User Guide¶
Using epysurv
models should be straightforward if you
are familiar with scikit-learn
and pandas
.
Data Format¶
Let’s first consider the models in the
epysurv.models.timepoint package.
Each model has a fit
and a predict
method that takes a pandas.DataFrame
representing an
epidemiological count time series of the following form:
n_cases n_outbreak_cases
2004-01-05 0 0
2004-01-12 0 0
2004-01-19 2 0
2004-01-26 2 0
2004-02-02 1 0
The data frame needs to have a regular DatetimeIndex
and
two columns containing case counts. n_cases
represents the
total number of cases observed and n_outbreak_cases
the number
of cases are labeled as belonging to an outbreak. Therefore
n_cases
should always be bigger or equal to n_outbreak_cases
as there can not be more outbreak cases as cases in total.

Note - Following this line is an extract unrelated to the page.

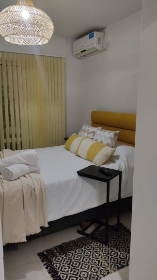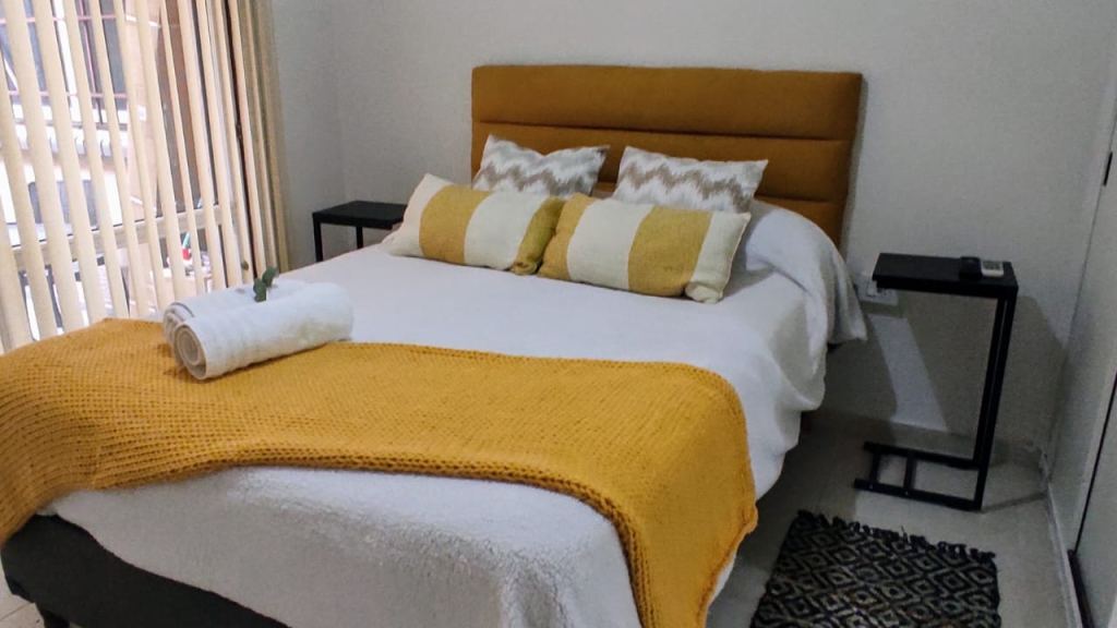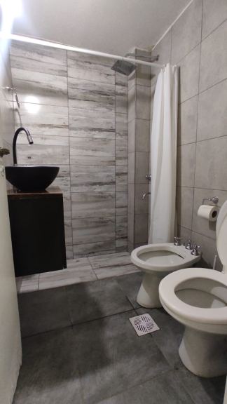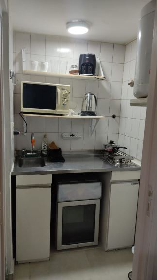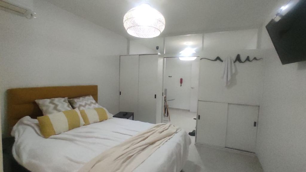 Heladera bajo mesada, microondas, smartv LED 32", cama hotelera nueva de 2 plazas con cubre colchón, acolchado almohadas y sábanas nuevas.

Note also that each row represents the number of cases
observed in the period between the row’s timepoint and the
next timepoint. So in the above example the first row denotes
that there were zero cases observed from 2004-01-05 up to
2004-01-11 inclusive.
Fitting¶
When passing the data frame to fit
the outbreak cases are
subtracted from the total cases to obtain the in control
time series, i.e. the time series without outbreaks.
If you do not have any labeled outbreak data, but just the raw
counts, the n_cases
column will be taken as is
under the assumption that your data is in fact
in control data. A warning is still issued in this case.
Prediction¶
At prediction time only the total case counts are required.
The data frame passed to predict
needs to consist
of observations that are spaced at the same regular time intervals
as the training data. All data points should lie strictly
in the future of the training data. The data frame returned
is the original data augmented by an alarm
column that
indicated whether the model predicts an outbreak at that time
point or not.
n_cases alarm
2011-01-03 1 0.0
2011-01-10 0 0.0
2011-01-17 3 0.0
2011-01-24 3 0.0
2011-01-31 3 0.0
Using Time Series Classification Models¶
For each each model in the epysurv.models.timepoint package there
is a corresponding model in the epysurv.models.timeseries package.
These models basically perform the same task, but make a binary
prediction (alarm / no alarm) for an entire time series instead of
just a single time point. See Time Series Classification
for a more detailed discussion. Therefore, bot fit
and
predict
take iterables of data frames described above and labels:
Iterable[Tuple[DataFrame, bool]]
. The label indicates whether
the last time point of the time series is to be considered an outbreak.
The predict
method in this case only returns a time series of alarms.